→ Your goal: Pictures are to be left out, and only the lines below starting at the one with "- Штатный объектив" and ending at the one with "3 bedroom duplex" are to be reproduced, each exactly, both ends included.

→ Information shown:
= Beginning of Section =

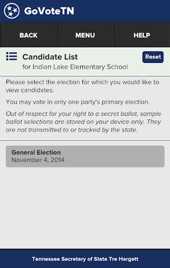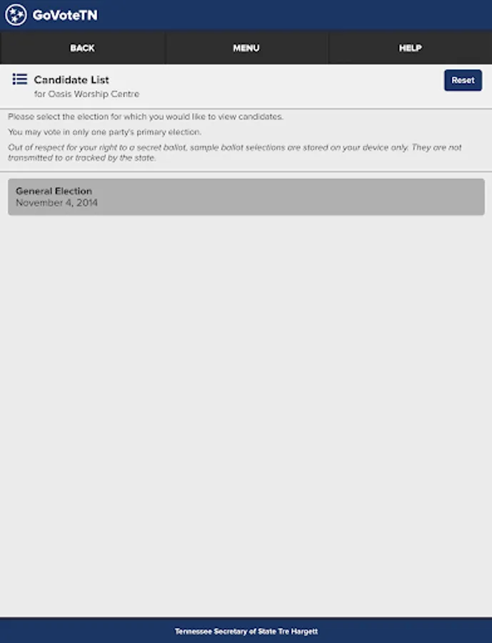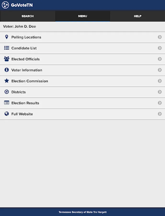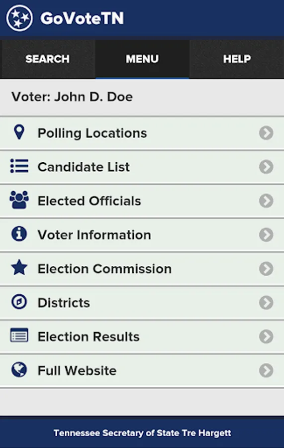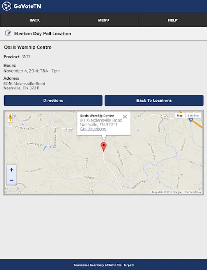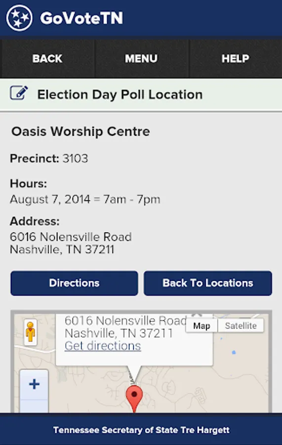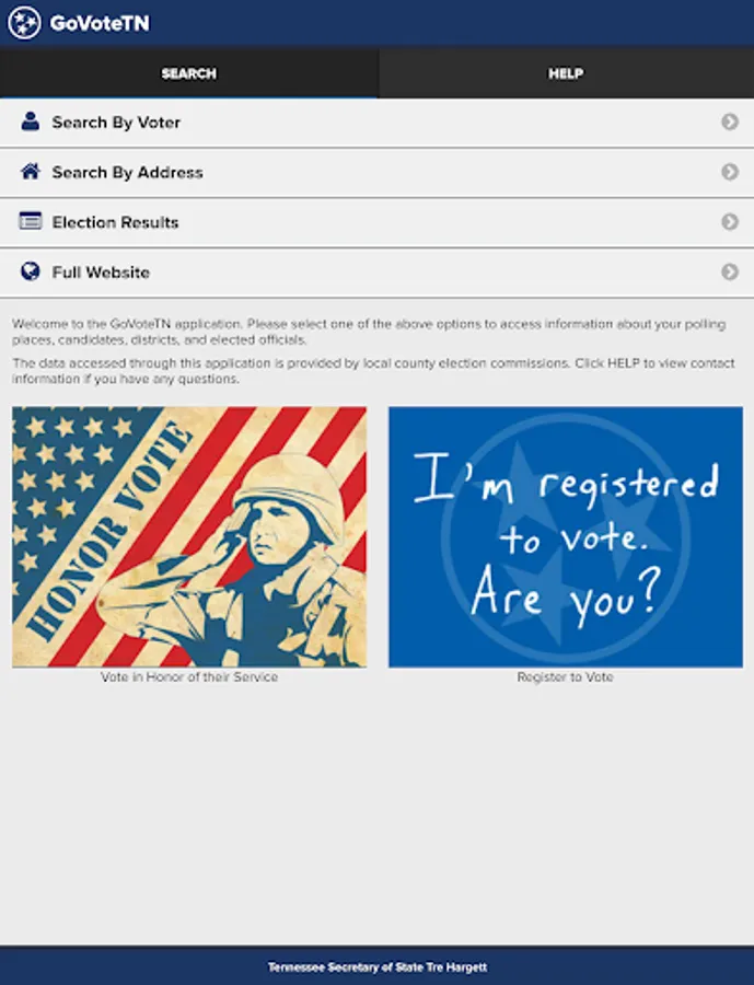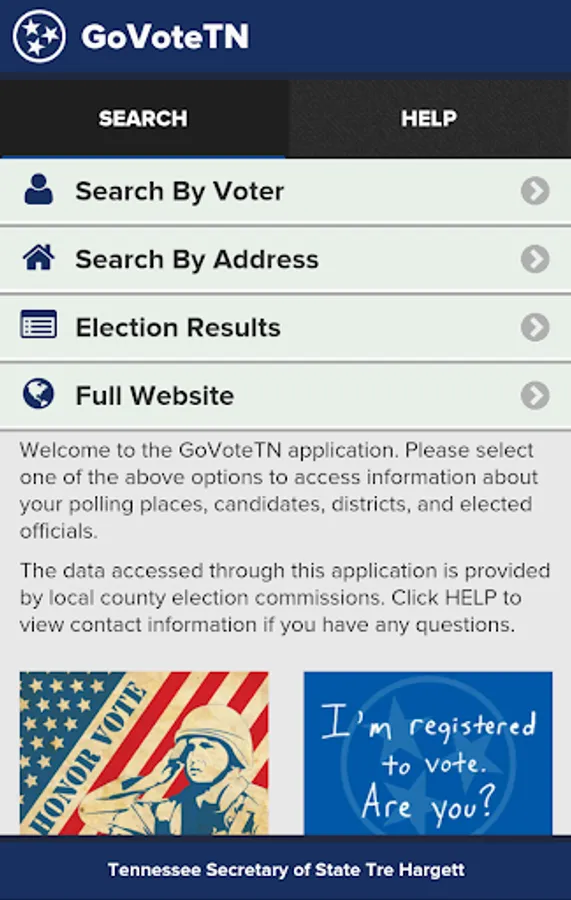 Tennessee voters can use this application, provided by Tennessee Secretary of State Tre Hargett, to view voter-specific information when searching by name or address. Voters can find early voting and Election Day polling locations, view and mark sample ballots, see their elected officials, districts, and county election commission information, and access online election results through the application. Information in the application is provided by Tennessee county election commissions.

= End of Section =
= Beginning of Section =

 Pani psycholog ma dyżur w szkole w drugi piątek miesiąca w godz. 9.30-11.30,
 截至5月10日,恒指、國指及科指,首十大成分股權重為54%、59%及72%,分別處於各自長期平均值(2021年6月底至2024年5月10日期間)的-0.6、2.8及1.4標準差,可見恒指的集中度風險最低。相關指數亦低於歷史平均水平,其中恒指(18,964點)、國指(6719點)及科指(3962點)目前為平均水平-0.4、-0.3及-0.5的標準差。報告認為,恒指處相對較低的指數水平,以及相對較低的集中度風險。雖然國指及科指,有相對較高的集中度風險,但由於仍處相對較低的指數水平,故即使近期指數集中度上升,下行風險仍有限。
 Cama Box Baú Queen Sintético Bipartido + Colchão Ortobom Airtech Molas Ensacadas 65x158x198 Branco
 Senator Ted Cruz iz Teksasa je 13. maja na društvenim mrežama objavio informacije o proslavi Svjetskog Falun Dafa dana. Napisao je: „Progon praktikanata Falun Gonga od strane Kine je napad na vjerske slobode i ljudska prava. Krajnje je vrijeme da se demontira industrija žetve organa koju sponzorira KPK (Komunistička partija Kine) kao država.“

= End of Section =
= Beginning of Section =

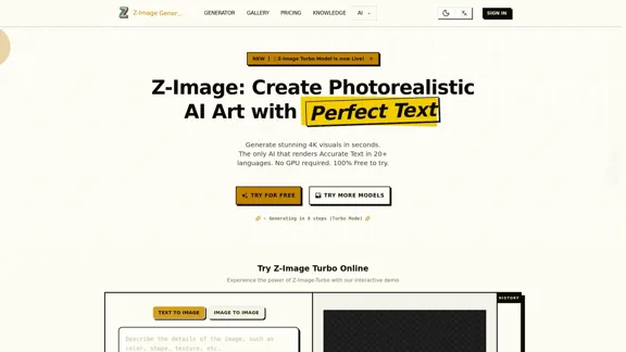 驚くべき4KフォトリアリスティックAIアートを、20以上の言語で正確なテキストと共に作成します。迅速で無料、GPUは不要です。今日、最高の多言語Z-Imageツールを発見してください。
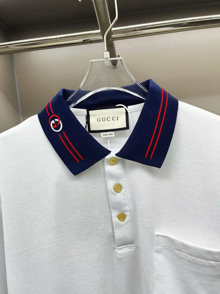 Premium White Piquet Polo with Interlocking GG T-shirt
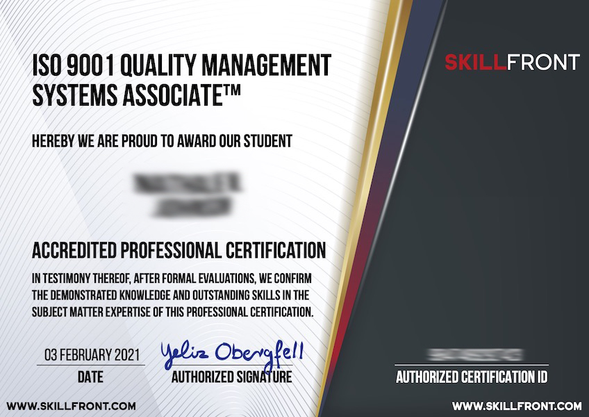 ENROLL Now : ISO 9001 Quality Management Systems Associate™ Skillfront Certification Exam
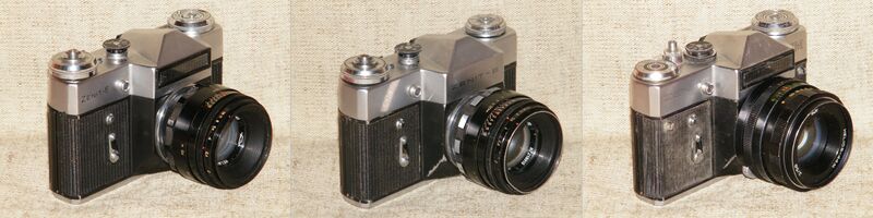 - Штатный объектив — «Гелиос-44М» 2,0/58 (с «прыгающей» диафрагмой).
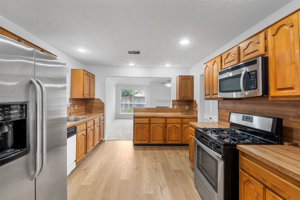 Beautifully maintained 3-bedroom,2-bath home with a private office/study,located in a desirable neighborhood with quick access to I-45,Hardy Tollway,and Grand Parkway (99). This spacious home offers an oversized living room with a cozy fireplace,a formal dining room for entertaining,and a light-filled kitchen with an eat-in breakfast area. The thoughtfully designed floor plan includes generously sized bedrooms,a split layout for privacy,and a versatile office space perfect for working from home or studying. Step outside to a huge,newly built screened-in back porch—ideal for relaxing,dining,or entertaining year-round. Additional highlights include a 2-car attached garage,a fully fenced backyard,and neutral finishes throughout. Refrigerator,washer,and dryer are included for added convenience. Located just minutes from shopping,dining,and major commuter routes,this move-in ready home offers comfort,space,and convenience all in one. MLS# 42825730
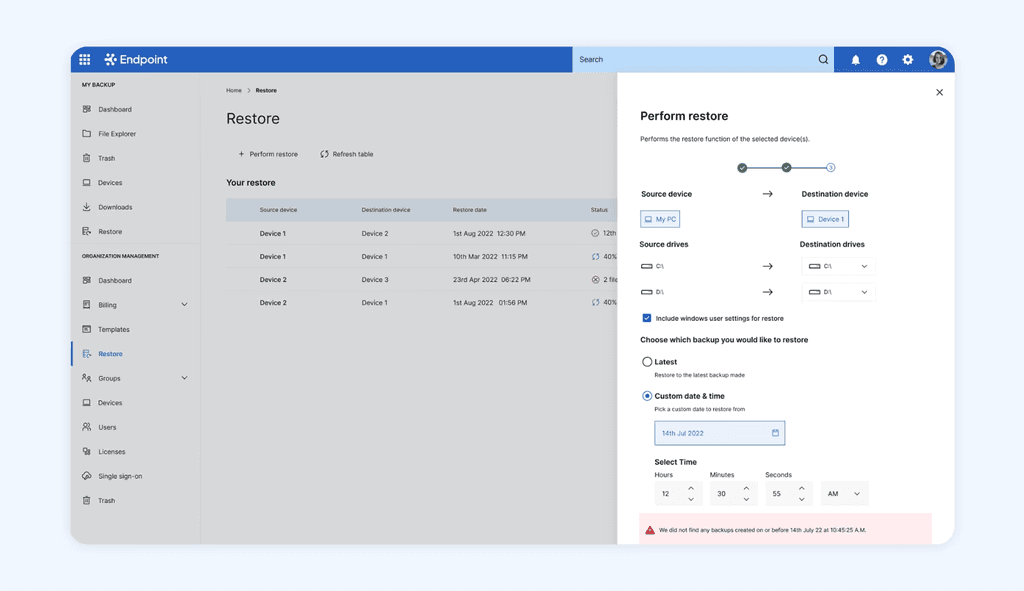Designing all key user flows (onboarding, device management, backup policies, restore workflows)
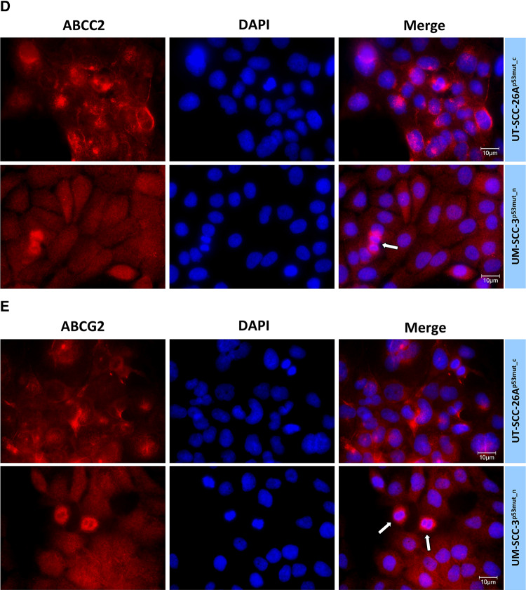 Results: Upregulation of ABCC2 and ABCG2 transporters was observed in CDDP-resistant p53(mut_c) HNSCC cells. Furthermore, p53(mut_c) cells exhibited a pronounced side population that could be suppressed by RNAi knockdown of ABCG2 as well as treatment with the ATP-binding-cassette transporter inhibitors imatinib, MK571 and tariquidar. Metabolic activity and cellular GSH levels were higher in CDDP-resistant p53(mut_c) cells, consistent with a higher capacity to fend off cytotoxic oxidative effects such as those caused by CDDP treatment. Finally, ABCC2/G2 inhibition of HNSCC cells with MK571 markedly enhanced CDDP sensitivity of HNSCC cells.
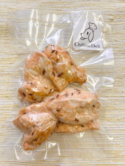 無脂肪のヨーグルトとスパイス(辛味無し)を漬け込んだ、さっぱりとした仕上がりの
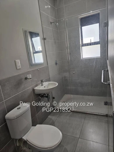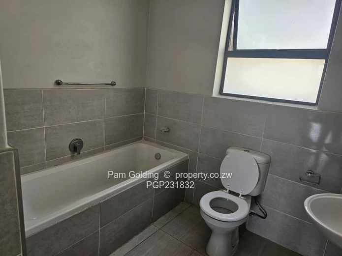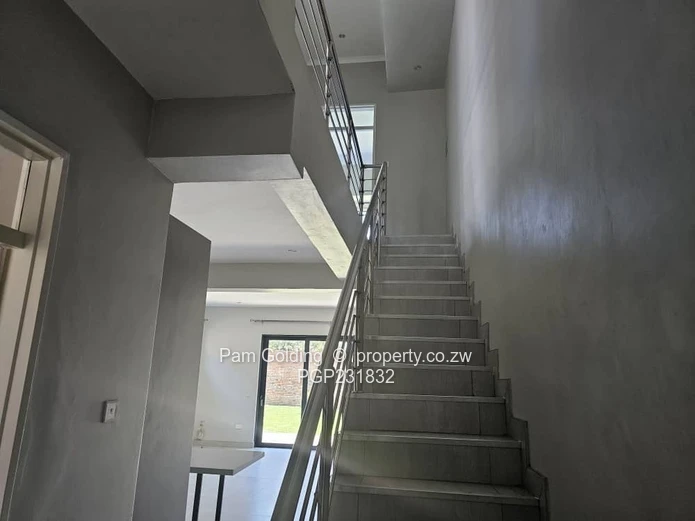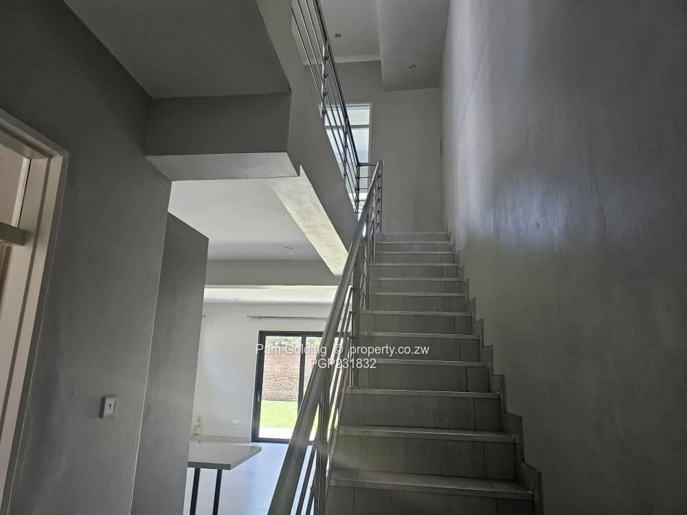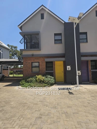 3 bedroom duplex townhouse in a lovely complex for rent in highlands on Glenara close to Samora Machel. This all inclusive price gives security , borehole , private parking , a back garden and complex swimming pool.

= End of Section =

→ Exercise response:
 - Штатный объектив — «Гелиос-44М» 2,0/58 (с «прыгающей» диафрагмой).
 Beautifully maintained 3-bedroom,2-bath home with a private office/study,located in a desirable neighborhood with quick access to I-45,Hardy Tollway,and Grand Parkway (99). This spacious home offers an oversized living room with a cozy fireplace,a formal dining room for entertaining,and a light-filled kitchen with an eat-in breakfast area. The thoughtfully designed floor plan includes generously sized bedrooms,a split layout for privacy,and a versatile office space perfect for working from home or studying. Step outside to a huge,newly built screened-in back porch—ideal for relaxing,dining,or entertaining year-round. Additional highlights include a 2-car attached garage,a fully fenced backyard,and neutral finishes throughout. Refrigerator,washer,and dryer are included for added convenience. Located just minutes from shopping,dining,and major commuter routes,this move-in ready home offers comfort,space,and convenience all in one. MLS# 42825730
Designing all key user flows (onboarding, device management, backup policies, restore workflows)
 Results: Upregulation of ABCC2 and ABCG2 transporters was observed in CDDP-resistant p53(mut_c) HNSCC cells. Furthermore, p53(mut_c) cells exhibited a pronounced side population that could be suppressed by RNAi knockdown of ABCG2 as well as treatment with the ATP-binding-cassette transporter inhibitors imatinib, MK571 and tariquidar. Metabolic activity and cellular GSH levels were higher in CDDP-resistant p53(mut_c) cells, consistent with a higher capacity to fend off cytotoxic oxidative effects such as those caused by CDDP treatment. Finally, ABCC2/G2 inhibition of HNSCC cells with MK571 markedly enhanced CDDP sensitivity of HNSCC cells.
 無脂肪のヨーグルトとスパイス(辛味無し)を漬け込んだ、さっぱりとした仕上がりの
 3 bedroom duplex townhouse in a lovely complex for rent in highlands on Glenara close to Samora Machel. This all inclusive price gives security , borehole , private parking , a back garden and complex swimming pool.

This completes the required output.